On July 5, 2018, the European Union Parliament advised the EU Commission to suspend the so-called EU-US Privacy Shield. This renews and hardens the EU Parliament’s position on Privacy Shield’s privacy policy for US companies, that process and store data of EU citizens. Already in October 2017, the European Parliament published a list of 10 recommendations, which pointed to gaps and weaknesses in the Privacy Shield.

In its recommendation to the EU Commission, the Parliament pointed out that the US administration has failed to implement two core elements of the Privacy Shield. For example, there is still no ombudsman who leads the U.S. Privacy Civil Liberties Oversight Board (PCLOB), let alone any other members in this board. Thus, EU citizens lack a contact person in the event of data breaches and thus the ability to make their own rights in the US heard at all.

Privacy Shield replaces Safe Harbor

As a reminder, Privacy Shield was introduced as a replacement for the Safe Harbor Agreement. Safe Harbor fell because the European Court of Justice granted the claim of the Austrian lawyer Maximilian Schrems in 2015. The Safe Harbor rules should create a ‘safe data port’ for sensitive data outside the EU, so that this data can be processed for example in the US. Triggered by the Snowden publications (notably PRISM), this agreement was reviewed and finally replaced by Privacy Shield.

EU Parliament confirms assessment: Sensitive data is not safe at US companies

As explained in my last blog post, sensitive but also security-relevant data of a company should not leave Europe. Parliament’s assessment reinforces the urgency of data protection. Security-related data such as intellectual property or administrative access such as domain passwords should not be given to cloud providers in the US. The Cloud Act and Privacy Shield are incompatible.

More information on the resolution of the European Parliament is published here, an analysis can be found here.

In March of this year, the US Congress passed the so-called Cloud Act. This allows US authorities worldwide access to data from US companies – even if their servers are located in the EU. For this reason, the IT Security of companies who store data with US providers is at stake.

The so-called “Cloud Act” (Clarifying Lawful Overseas Use of Data Act) commits US companies to provide data to US authorities on request, irrespective of location. US legislation thus places American law in an EU member state above EU law. Therefore, US companies are in a dilemma in future: if they deny access, they break American law and vice versa European.

Microsoft fought and lost

One of the reasons for the decision was Microsoft. The matter goes back to 2013. At that time, the US Department of Justice investigated drug crime and asked Microsoft for access to a suspect’s e-mail account. However, as the server with the data was in Ireland, Microsoft invalidated the search warrant. It came to a process that Microsoft lost in the first instance and won second place. Due to the new Cloud Act, this case has now been declared done. The question of how an acceptable solution between the US and the EU or the individual member states can look like is currently being discussed.

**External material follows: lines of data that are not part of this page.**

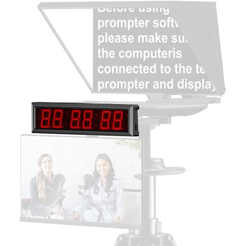 Desview Timer je nepogrešljiv dodatek za teleprompterje, ki omogoča talentom jasen in natančen prikaz časa med branjem scenarijev. Zasnovan je za uporabo s teleprompterji DT20, DT22 in DT24, varno se namesti nad monitorjem talenta za optimalno vidljivost. Velik 6-mestni rdeči LED-zaslon zagotavlja, da lahko talent pred kamero brez motenj spremlja čas med predstavitvami, neposrednimi prenosi in snemanji. Njegova zanesljiva zasnova se brezhibno integrira v sistem teleprompterja in pomaga ohranjati tempo in profesionalnost med produkcijami.
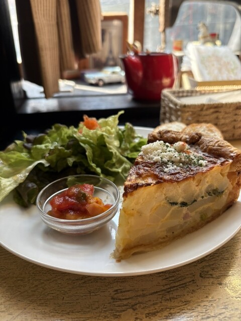 日曜日のお昼、12時オープン少し前に並んで入りました。店内はとても可愛らしくて、癒し空間でした。頼んだのはキッシュとオムライス。周りのお客さんもキッシュを頼んでいる方が多かったです。スイーツもたくさん種類があったので、次回はスイーツも食べに来たいです。
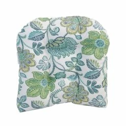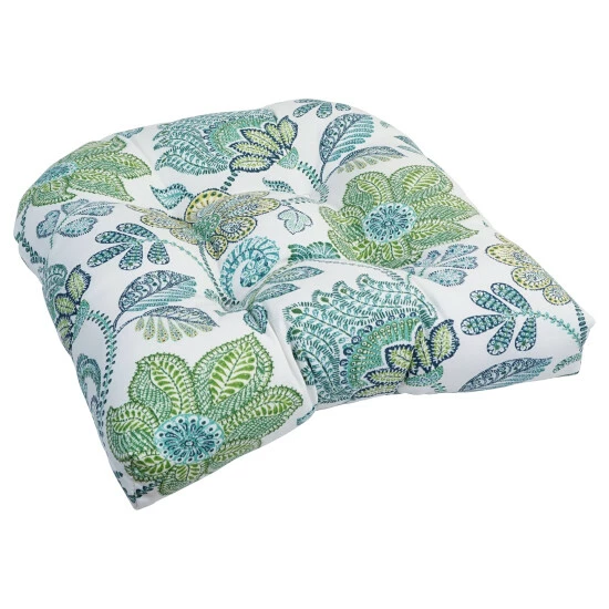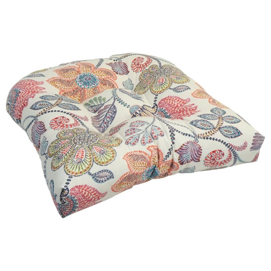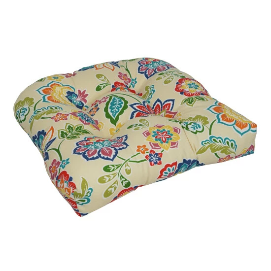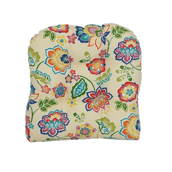 Add a splash of color and style to your home furnishings with this chair cushion. This cushion features a classic tufted cushion design and is available in a wide variety of striking patterns of UV and weather-resistant spun polyester outdoor fabric.
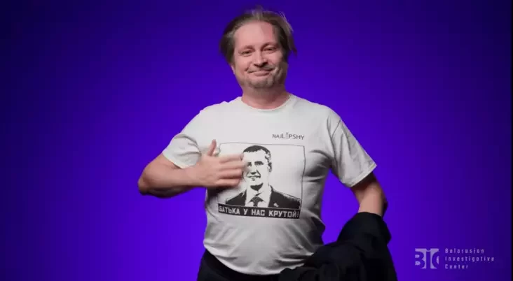 Майка з двухсэнсоўным надпісам «Бацька ў нас Круты». Сяргей Чалы ўжо падрыхтаваў мерч да перадвыбарчай кампаніі кіраўніка адміністрацыі Лукашэнкі Дзмітрыя Крутога. Скрыншот відэа
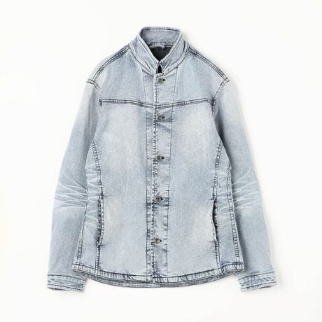 フロント、カフスにはブランドロゴ入り釦を使用し高級感を出し素材と加工で大人カジュアルなアイテムに仕上げています。
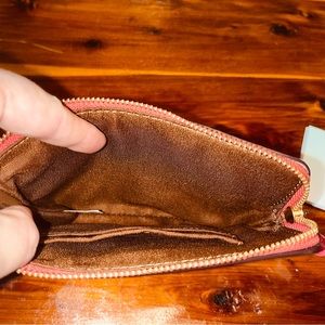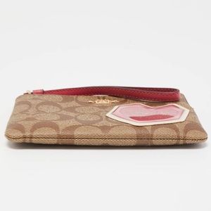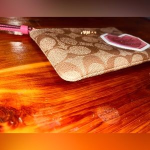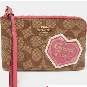 New, never used, Authentic Coach pouch/wristlet. Comes with tag, not attached. Signature coach pattern with pink around zipper and disco patch. Patch says ‘Good Times’ inside of a heart. Inside is clean, the camera flash makes it look different in pic, but it is clean and flawless. Very cute. 60s 70s classic retro vintage vibes
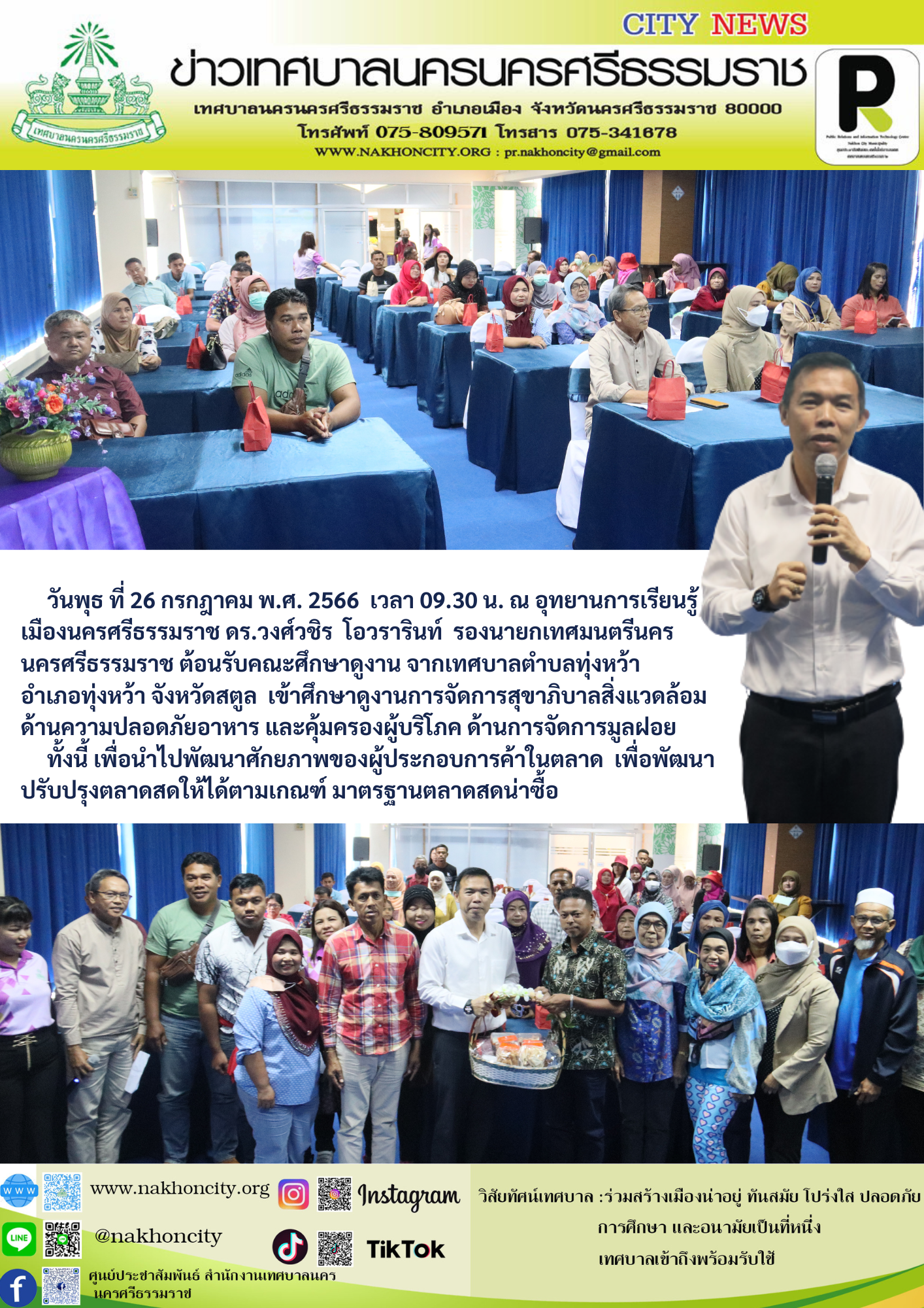 วันพุธ ที่ 26 กรกฎาคม พ.ศ. 2566 เวลา 09.30 น. ณ อุทยานการเรียนรู้เมืองนครศรีธรรมราช ดร.วงศ์วชิร โอวรารินท์ รองนายกเทศมนตรีนครนครศรีธรรมราช ต้อนรับคณะศึกษาดูงาน จากเทศบาลตำบลทุ่งหว้า อำเภอทุ่งหว้า จังหวัดสตูล เข้าศึกษาดูงานการจัดการสุขาภิบาลสิ่งแวดล้อม ด้านความปลอดภัยอาหาร และคุ้มครองผู้บริโภค ด้านการจัดการมูลฝอย |
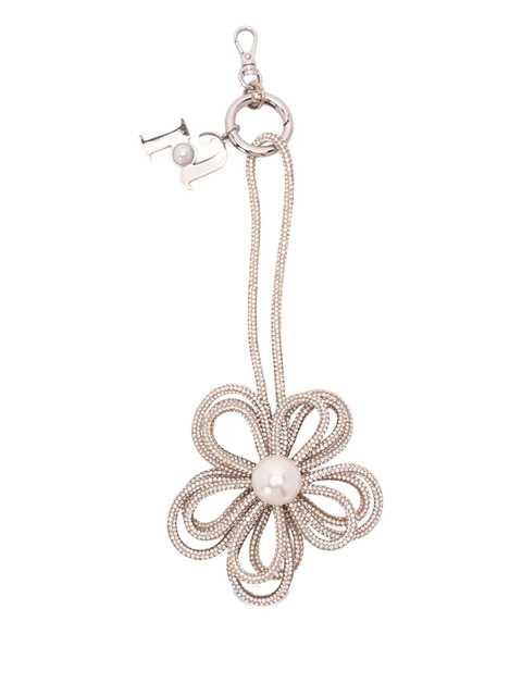 silver-tone crystal embellishment flower pendant lobster clasp fastening engraved logo
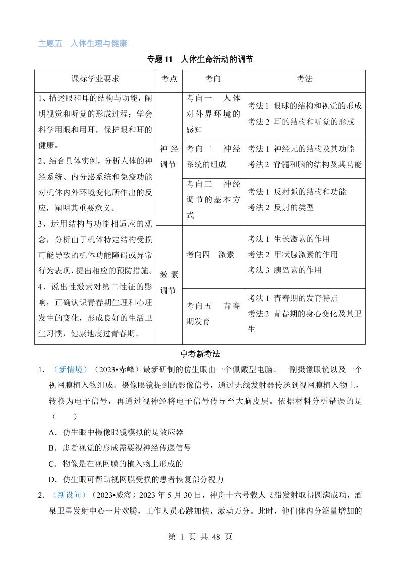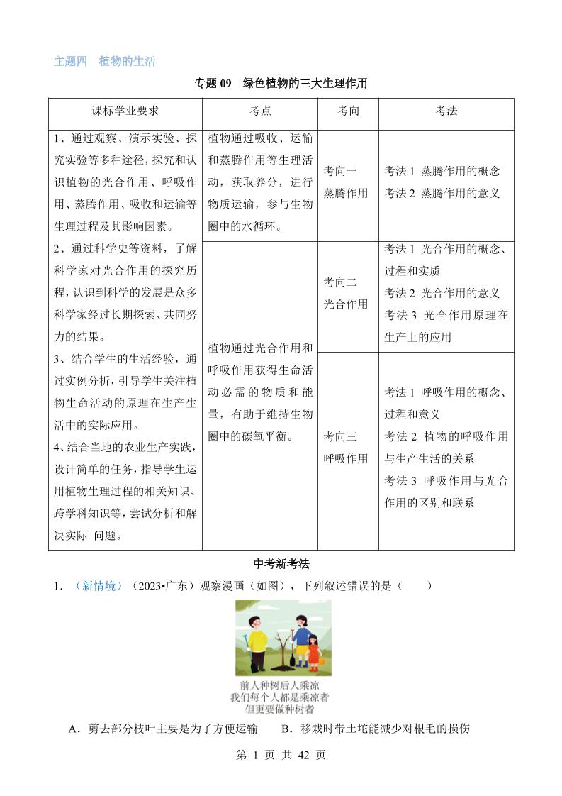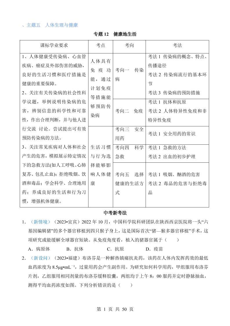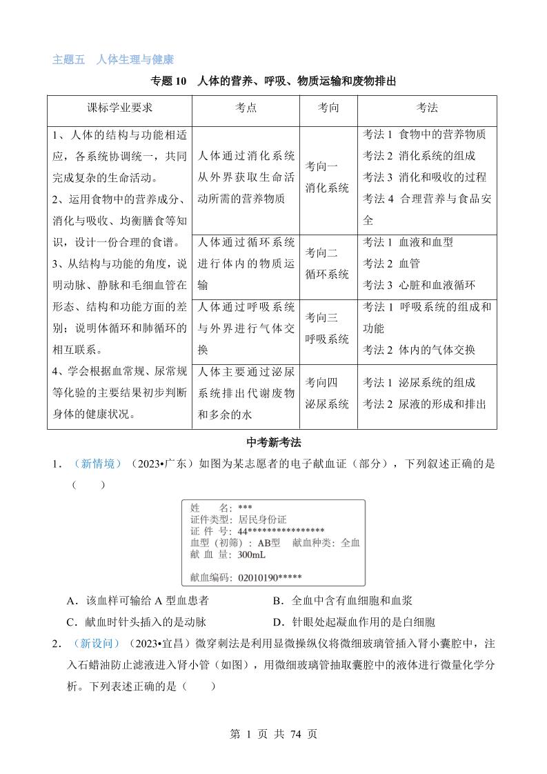 专题10 人体的营养、呼吸、物质运输和废物排出

Sensitive Data are no longer safe at US companies

But what does that mean for companies, that uses services by US companies? First and foremost, they must be aware that true compliance with the EU GDPR can fail. Taking the next step, the Cloud Act also allows US authorities to arbitrarily gain access to all data of a company stored at a US partner or services provider – including business and enterprise secrets or information about IT Security measures.

Security-relevant Data should not leave the company

Companies, that sources IT security services such as Vulnerability Management from US providers and store sensitive data with them, should now take action. For a maximum of security, they should at least switch to a European partner, who only stores data in data centers within the EU. Finally, this raises the fundamental question of whether safety-related data should or have to leave the company at all. After all, there are certainly IT security service providers in the market whose solutions work exclusively within the company IT and do not transfer data either to the cloud or to the provider.

An example of this is our Greenbone Security Manager. It scans IT networks for vulnerabilities and forwards data and reports only within the secure enterprise network.

Cloud Act calls for action

Once again, the Cloud Act shows that the US attaches far less importance to privacy than the EU: while the Europeans consider data security as human rights, in the United States it is “only” a civil right – which therefore only refers to Americans. In the American legislation, the interest of European citizens will therefore continue to receive little or no consideration in future. Companies have to adjust that. They should use the Cloud Act as an opportunity to bring sensitive data outside the reach of American authorities. This can happen for example by switching to European or German service provider. However, the best option for IT security is to choose solutions in which sensitive data does not even leave the company.